Hey, I'm new here, and I just bought a 95 240 for $6k. 92 miles, new brakes, new tires, new tension rods and some other little things were fixed as well before I bought it. Unfortunately it's an automatic, but I bought it from my uncle and they're pretty hard to find for a good price here in Dallas. This is the car I've wanted for a good year or two, so I'm so happy I went ahead and went with it. I'm pretty new to cars and the like, so I dont really know all that much. I've done some research and I'm getting there. This seems like a better place than club240. 

Maybe this wasn't the right place for my intro, but it seemed reasonable as you were talking about car prices and the like.


----------



## BoostedSE (Jun 26, 2005)

sounds high but you bought it from family so at lerast you know the maintence history


----------



## b13pnoysentra (Mar 30, 2005)

BoostedSE said:


> sounds high but you bought it from family so at lerast you know the maintence history


Thats a very good price for only 92 miles! :cheers:


----------



## loser (Dec 8, 2005)

haha, my bad. 92k miles.


----------



## yangs13 (Oct 15, 2005)

www.kbb.com


----------



## s14srpilot (Aug 2, 2004)

b13pnoysentra said:


> That's kind of expensive. Was that from a dealer? If it was, that's a rip off. What color is it? Is it an SE with 16" Chrome wheels? Automatic?
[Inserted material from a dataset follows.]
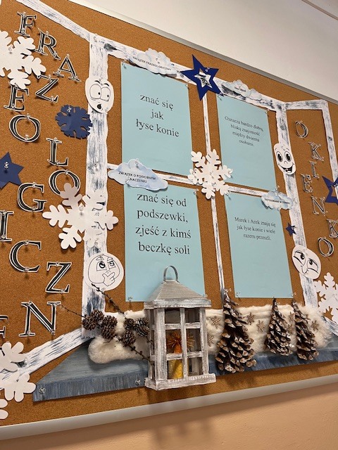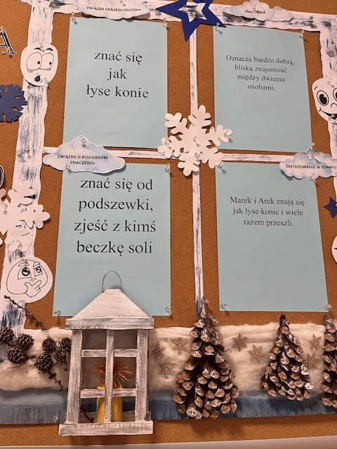 Raz w tygodniu na tablicy umieszczany jest nowy frazeologizm wraz z wyjaśnieniem i użyciem w zdaniu. Ponadto uczniowie mają możliwość poznania innego związku frazeologicznego, którego można użyć alternatywnie.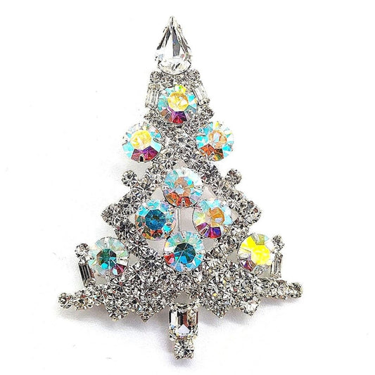 Vintage Signed Eisenberg Ice Christmas Tree Brooch Iridescent Rhinestones 3" Pin

Yeah right. Just try to find one just like that for that price. Here's a hint: Don't hold your breath...


----------



## b13pnoysentra (Mar 30, 2005)

s14srpilot said:


> Yeah right. Just try to find one just like that for that price. Here's a hint: Don't hold your breath...


Actually, my friend got one in Stockton for 5500. Its an automatic champagne gold 95 240sx se with spoiler, fog lights, front lip, chrome rims, and sunroof. It had 94k miles. So I would expect 7500 to be for a 98 at least...


----------



## xcrunner18 (Jan 1, 2006)

*my 95 240sx*

I just bought my 95 240SX for $1,700 although it has 167k miles it has a brand new engine and no rust anywhere its in almost perfect shape!!


----------



## hkenso (May 28, 2005)

NewToCar said:


> actuallly im not going to make it a race or drift car atm. im still in the low budge. i had search around and i have decided to put on the tein suspension ( full set ) and a 18" rims with polish lip. also an exhaust. then enjoy it until i can afford any other parts. but anyway thanks for everybody with the commons



i have the tein HE, and it's rough as crap even i tuned it to almost the softest (since i don't drift or race everyday). 18" rims, really gotta consider the cost of tires in long run....

as for what i've heard from my friends who also drive 240s about exhausts, if u'r running stock KA, u might wanna consider about the 2.5" pipe instead of the 3" pipe, so that u won't lose ur back pressure.... cause a frd of mine replaced his stock pipe w/ the apexi n1 3" pipe, he said that the car was even slower than using the stock pipe. do some research about different brands to c which is good for ur car & setup....


----------